The second part of this equation is intelligence: if schooling is what gets you a degree, then education is what cultivates your intelligence. Obviously having a lot of schooling does not preclude having substantial education and refined intelligence. But by the same token, having a great deal of schooling by itself tells us nothing about the real span of a person’s intelligence. You might recall that in an earlier post, I defined intelligence as, “The broadly ranging multi-modal capacity for, and interest in, variegated forms of inquiry and experience.” Following up on that, I characterized philosophy as, “The critical and incisive development of intelligence in its widest context.” The effect of compartmentalization is to strangle the width of that context, and thus deny intelligence the fullness of its development in favor of a clever (at best) but extremely limited form of puzzle solving. Within each compartment, intelligence is given comparatively full play. But that play is not driven by the natural, free-ranging inquiry of intelligence. By the very nature of the compartmentalization, intelligence is driven by an outside agenda, typically that of a predetermined ideology. Hence the “broadly ranging” aspect of intelligence is blocked at the start; the range is just and only that of any given compartment, as dictated by the prior ideology.

Insofar, regardless of how much schooling such persons might have, they do NOT evince anything that can justifiably be praised as “intelligence.”

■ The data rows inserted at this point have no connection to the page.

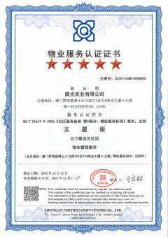 在服务体系建设方面,创新推出STAR星光服务体系,致力于为业主提供卓越的物业服务体验,持续追求服务品质的极致化,注重服务细节的精细化管控,确保各项服务均符合高标准与高质量要求。以“行于至善,南光同行,臻诚护航”为核心理念,南光服务构建“星·客服”、“星·环境”、“星·安全”、“星·工程”及“星·运营”五大服务体系,严格执行服务标准与质量管控流程。通过优化环境管理机制、强化员工职业健康保障等多维提升举措,系统化塑造南光服务品牌形象,着力打造行业领先的物业运营平台。同时,积极引入内地及澳门权威机构的ISO认证体系,以系统化提升服务品质。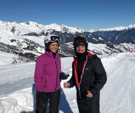 Os médicos Giulliana Limongi e Théo Costa curtem temporada de esqui na estação de Tignes-França, com direito a manobras devidamente acompanhados por um instrutor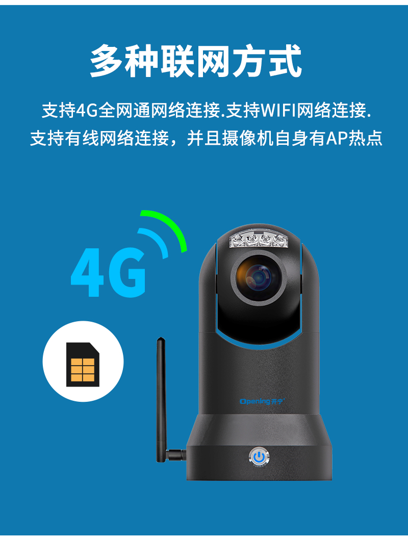 3、支持4G/WiFi/有線連接,沒有寬帶網(wǎng)絡(luò)用4G流量,有寬帶網(wǎng)絡(luò)可用wifi/網(wǎng)線連接;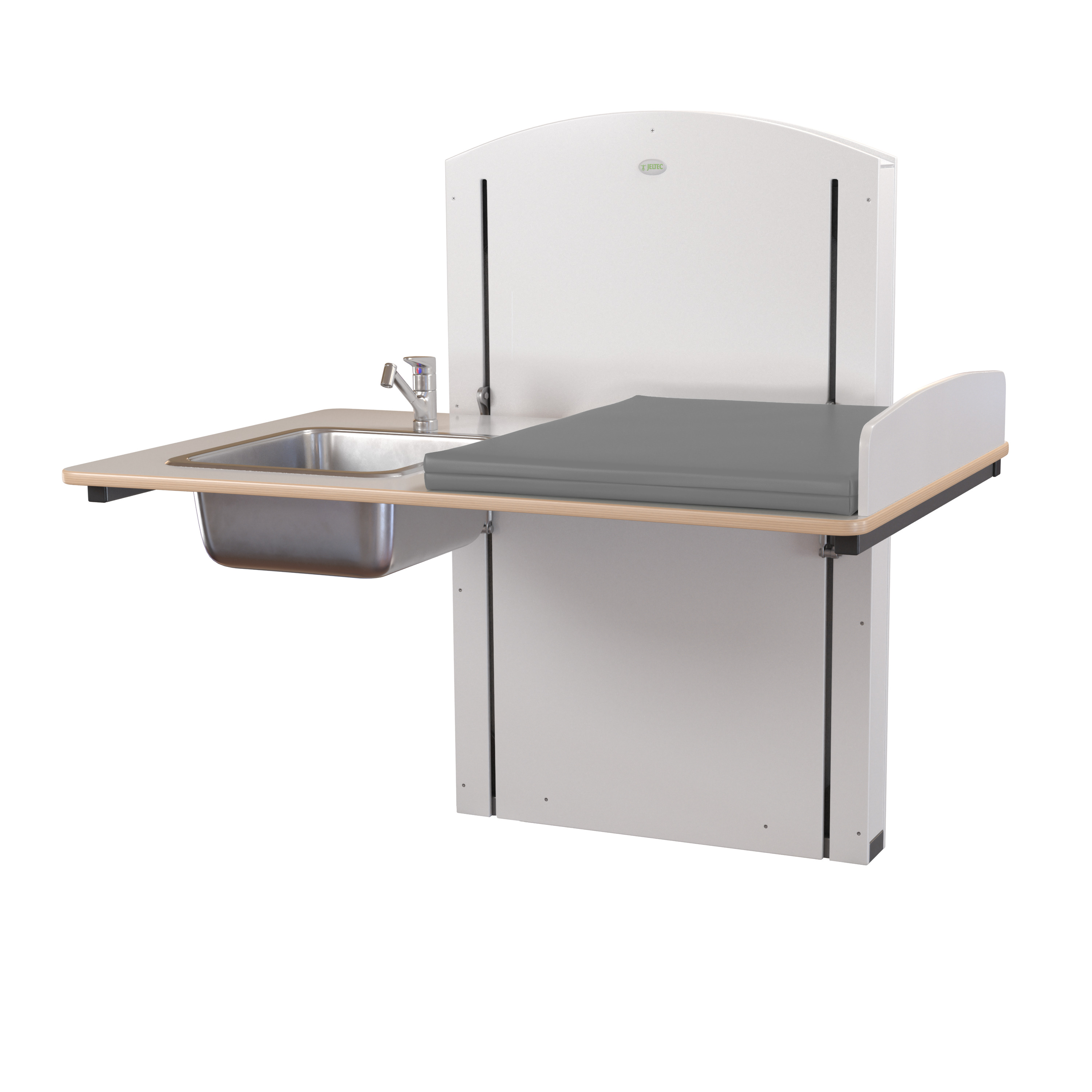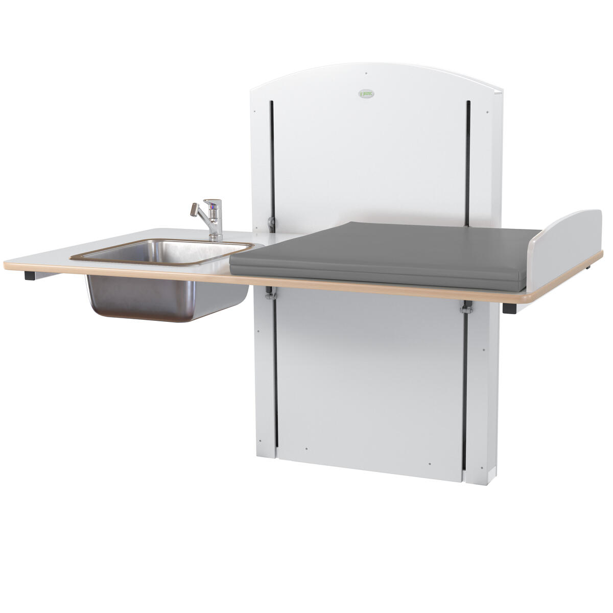 Lyfta vägg är ett väggmonterat elektriskt höj- och sänkbart skötbord med lägsta höjd 30 cm så att barnen enkelt ska kunna klättra upp på skötbordet från golvnivå. Du ställer lätt in rätt arbetshöjd med handkontrollen. Lyfta vägg finns i bredder mellan 60-140 cm och med tvättdel höger eller vänster i bredderna 100, 120 och 140 cm. Samtliga bredder har en standardskiva i laminerad plyfa (vit eller björk) med mjukt rundade hörn och höga kanter. När inte skötbordet används kan skivan fällas upp mot väggen för att spara plats (gäller ej modeller med tvättdel). För att undvika klämrisker mellan skötbordet och omgivande ytor bör du ha ett säkerhetsavstånd på ca 10 cm. Skötbordsdyna ingår. Dynan är spritbar och tål maskintvätt upp till 60 °C. Vid val av tvättdel ingår blandare. Vid bredd 120-140 ingår blandare med handdusch. Vid bredd 100 ingår blandare utan handdusch.

I must emphasize that this conclusion depends essentially upon my “definition” of intelligence. I freely acknowledge that this is an idiosyncratic approach; this is not a test that determines Mensa membership. I must also emphasize that while individuals may evince signs of Altemeyer’s authoritarian style of thinking, the arguments in both his book and here can only be genuinely applied to statistical aggregates. Translating those aggregative conclusions into specific claims about individual persons is not only unwise, it is frequently unfair.